- What to work on
Return the records exactly, from the first line through the "I kept a stack" line.
=== Entries shown ===
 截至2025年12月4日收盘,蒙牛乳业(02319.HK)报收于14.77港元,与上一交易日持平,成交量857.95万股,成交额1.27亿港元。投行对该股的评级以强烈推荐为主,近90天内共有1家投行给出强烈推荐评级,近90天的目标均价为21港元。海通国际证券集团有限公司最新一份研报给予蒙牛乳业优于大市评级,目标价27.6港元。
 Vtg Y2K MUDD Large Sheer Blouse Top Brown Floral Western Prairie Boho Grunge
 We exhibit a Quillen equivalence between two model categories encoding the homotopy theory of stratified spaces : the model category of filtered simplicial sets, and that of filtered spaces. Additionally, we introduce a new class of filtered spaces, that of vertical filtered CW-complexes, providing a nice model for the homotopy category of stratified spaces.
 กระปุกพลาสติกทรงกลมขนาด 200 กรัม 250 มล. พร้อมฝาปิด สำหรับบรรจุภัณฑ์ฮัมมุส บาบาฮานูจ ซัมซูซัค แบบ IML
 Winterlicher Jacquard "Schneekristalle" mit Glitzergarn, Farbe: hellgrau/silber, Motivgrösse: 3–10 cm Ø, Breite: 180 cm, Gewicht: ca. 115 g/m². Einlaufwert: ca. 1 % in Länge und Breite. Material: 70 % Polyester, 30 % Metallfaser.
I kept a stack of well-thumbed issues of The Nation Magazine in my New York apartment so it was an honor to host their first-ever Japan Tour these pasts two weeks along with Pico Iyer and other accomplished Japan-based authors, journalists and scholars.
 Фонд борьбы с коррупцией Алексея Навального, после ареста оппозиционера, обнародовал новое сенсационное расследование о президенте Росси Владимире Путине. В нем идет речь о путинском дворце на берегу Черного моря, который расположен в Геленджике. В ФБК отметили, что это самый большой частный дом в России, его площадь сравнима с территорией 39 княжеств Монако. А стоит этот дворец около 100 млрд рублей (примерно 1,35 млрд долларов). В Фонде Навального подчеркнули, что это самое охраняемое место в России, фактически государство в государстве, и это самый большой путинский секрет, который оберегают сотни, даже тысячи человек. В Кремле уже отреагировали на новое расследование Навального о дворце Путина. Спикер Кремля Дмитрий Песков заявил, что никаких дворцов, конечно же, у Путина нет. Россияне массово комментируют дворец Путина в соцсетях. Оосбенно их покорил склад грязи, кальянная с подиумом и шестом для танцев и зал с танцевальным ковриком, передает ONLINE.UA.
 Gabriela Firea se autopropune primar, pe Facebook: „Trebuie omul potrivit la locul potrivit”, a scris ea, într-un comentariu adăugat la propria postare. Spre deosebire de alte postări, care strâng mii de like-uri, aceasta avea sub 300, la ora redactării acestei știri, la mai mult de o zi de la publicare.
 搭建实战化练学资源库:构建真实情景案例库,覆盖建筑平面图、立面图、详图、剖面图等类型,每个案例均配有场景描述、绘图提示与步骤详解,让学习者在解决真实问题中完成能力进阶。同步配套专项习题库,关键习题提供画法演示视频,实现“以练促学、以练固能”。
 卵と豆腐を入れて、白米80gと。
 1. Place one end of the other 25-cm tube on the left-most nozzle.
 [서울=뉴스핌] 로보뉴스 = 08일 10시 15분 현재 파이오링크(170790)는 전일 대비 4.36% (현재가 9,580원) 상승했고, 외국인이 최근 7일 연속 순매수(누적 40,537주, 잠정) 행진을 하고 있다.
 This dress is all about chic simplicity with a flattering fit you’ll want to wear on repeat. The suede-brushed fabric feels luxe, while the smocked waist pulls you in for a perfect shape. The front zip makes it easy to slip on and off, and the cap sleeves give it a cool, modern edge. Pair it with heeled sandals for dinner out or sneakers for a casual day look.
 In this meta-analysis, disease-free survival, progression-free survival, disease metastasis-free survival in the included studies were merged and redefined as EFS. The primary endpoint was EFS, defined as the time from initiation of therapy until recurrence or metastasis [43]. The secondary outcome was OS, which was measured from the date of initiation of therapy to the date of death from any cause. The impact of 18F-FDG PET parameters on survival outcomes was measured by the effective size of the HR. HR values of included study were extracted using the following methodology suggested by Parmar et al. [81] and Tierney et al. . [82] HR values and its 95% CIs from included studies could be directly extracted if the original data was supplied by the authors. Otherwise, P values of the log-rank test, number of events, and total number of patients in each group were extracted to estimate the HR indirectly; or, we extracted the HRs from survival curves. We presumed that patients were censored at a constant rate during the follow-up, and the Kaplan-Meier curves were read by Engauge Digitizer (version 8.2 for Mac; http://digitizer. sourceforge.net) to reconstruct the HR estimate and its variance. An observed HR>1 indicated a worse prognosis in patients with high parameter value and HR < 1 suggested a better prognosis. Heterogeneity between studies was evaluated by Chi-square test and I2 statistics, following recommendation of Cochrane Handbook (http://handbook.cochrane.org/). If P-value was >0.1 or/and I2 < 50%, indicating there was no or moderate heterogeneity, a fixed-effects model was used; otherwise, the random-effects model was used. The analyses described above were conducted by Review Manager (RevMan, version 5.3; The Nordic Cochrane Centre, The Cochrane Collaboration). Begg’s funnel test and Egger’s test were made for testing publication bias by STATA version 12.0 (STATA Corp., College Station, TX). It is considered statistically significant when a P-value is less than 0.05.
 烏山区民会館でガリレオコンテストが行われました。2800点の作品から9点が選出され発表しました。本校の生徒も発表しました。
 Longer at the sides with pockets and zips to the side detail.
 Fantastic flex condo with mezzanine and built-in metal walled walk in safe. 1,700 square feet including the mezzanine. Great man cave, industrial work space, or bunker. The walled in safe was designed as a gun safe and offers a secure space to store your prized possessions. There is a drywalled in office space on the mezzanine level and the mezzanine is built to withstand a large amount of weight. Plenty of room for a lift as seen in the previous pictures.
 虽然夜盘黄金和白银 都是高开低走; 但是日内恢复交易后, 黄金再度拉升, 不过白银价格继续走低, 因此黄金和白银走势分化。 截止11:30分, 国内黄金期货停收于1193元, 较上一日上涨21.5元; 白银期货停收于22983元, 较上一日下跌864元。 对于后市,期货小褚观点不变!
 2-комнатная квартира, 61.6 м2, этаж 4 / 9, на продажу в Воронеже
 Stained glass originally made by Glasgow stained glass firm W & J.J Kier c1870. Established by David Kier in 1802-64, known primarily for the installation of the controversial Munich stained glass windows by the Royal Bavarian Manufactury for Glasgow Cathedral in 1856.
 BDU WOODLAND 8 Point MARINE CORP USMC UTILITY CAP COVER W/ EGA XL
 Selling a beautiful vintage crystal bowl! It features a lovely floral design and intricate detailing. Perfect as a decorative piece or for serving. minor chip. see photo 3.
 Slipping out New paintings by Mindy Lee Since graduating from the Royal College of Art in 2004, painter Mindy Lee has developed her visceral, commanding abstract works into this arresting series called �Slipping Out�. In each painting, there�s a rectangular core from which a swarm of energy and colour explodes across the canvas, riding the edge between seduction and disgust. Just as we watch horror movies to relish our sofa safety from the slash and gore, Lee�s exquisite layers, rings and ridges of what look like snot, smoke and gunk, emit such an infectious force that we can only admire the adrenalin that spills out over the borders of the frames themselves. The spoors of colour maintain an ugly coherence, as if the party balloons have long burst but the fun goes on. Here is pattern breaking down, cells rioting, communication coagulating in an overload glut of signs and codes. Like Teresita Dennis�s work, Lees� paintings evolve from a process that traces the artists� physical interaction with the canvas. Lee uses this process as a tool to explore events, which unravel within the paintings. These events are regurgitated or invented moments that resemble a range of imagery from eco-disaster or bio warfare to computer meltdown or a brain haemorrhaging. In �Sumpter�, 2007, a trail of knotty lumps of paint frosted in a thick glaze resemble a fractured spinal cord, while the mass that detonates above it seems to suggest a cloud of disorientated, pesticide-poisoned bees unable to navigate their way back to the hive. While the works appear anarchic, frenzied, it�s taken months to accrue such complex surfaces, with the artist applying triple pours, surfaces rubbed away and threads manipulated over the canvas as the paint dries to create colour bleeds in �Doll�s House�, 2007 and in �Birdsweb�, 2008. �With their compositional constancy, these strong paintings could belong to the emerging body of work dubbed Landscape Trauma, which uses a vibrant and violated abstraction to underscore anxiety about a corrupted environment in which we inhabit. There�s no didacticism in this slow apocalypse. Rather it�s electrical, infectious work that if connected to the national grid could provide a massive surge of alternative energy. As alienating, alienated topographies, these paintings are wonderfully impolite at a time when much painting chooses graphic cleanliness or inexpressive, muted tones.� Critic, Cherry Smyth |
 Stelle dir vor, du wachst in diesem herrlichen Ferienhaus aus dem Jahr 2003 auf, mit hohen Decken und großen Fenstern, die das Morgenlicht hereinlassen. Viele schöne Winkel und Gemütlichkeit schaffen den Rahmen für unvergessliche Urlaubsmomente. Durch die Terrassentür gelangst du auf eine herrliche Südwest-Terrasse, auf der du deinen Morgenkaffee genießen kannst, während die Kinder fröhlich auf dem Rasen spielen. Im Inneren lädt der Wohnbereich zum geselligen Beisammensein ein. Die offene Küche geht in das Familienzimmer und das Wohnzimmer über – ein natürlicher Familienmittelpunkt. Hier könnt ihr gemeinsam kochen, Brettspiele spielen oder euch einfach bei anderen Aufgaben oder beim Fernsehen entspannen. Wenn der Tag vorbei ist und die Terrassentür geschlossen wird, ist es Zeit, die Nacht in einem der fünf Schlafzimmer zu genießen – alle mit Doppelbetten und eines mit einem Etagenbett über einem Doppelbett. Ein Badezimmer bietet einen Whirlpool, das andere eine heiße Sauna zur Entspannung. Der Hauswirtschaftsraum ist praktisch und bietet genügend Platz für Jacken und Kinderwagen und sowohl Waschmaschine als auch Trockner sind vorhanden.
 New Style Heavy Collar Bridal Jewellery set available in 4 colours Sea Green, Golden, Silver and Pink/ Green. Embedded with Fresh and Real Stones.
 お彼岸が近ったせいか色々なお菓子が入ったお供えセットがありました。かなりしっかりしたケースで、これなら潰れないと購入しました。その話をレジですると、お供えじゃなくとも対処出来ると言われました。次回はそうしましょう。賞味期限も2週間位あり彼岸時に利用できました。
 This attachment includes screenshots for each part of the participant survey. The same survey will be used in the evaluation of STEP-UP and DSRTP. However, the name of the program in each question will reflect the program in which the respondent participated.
===
- Exercise output
 截至2025年12月4日收盘,蒙牛乳业(02319.HK)报收于14.77港元,与上一交易日持平,成交量857.95万股,成交额1.27亿港元。投行对该股的评级以强烈推荐为主,近90天内共有1家投行给出强烈推荐评级,近90天的目标均价为21港元。海通国际证券集团有限公司最新一份研报给予蒙牛乳业优于大市评级,目标价27.6港元。
 Vtg Y2K MUDD Large Sheer Blouse Top Brown Floral Western Prairie Boho Grunge
 We exhibit a Quillen equivalence between two model categories encoding the homotopy theory of stratified spaces : the model category of filtered simplicial sets, and that of filtered spaces. Additionally, we introduce a new class of filtered spaces, that of vertical filtered CW-complexes, providing a nice model for the homotopy category of stratified spaces.
 กระปุกพลาสติกทรงกลมขนาด 200 กรัม 250 มล. พร้อมฝาปิด สำหรับบรรจุภัณฑ์ฮัมมุส บาบาฮานูจ ซัมซูซัค แบบ IML
 Winterlicher Jacquard "Schneekristalle" mit Glitzergarn, Farbe: hellgrau/silber, Motivgrösse: 3–10 cm Ø, Breite: 180 cm, Gewicht: ca. 115 g/m². Einlaufwert: ca. 1 % in Länge und Breite. Material: 70 % Polyester, 30 % Metallfaser.
I kept a stack of well-thumbed issues of The Nation Magazine in my New York apartment so it was an honor to host their first-ever Japan Tour these pasts two weeks along with Pico Iyer and other accomplished Japan-based authors, journalists and scholars.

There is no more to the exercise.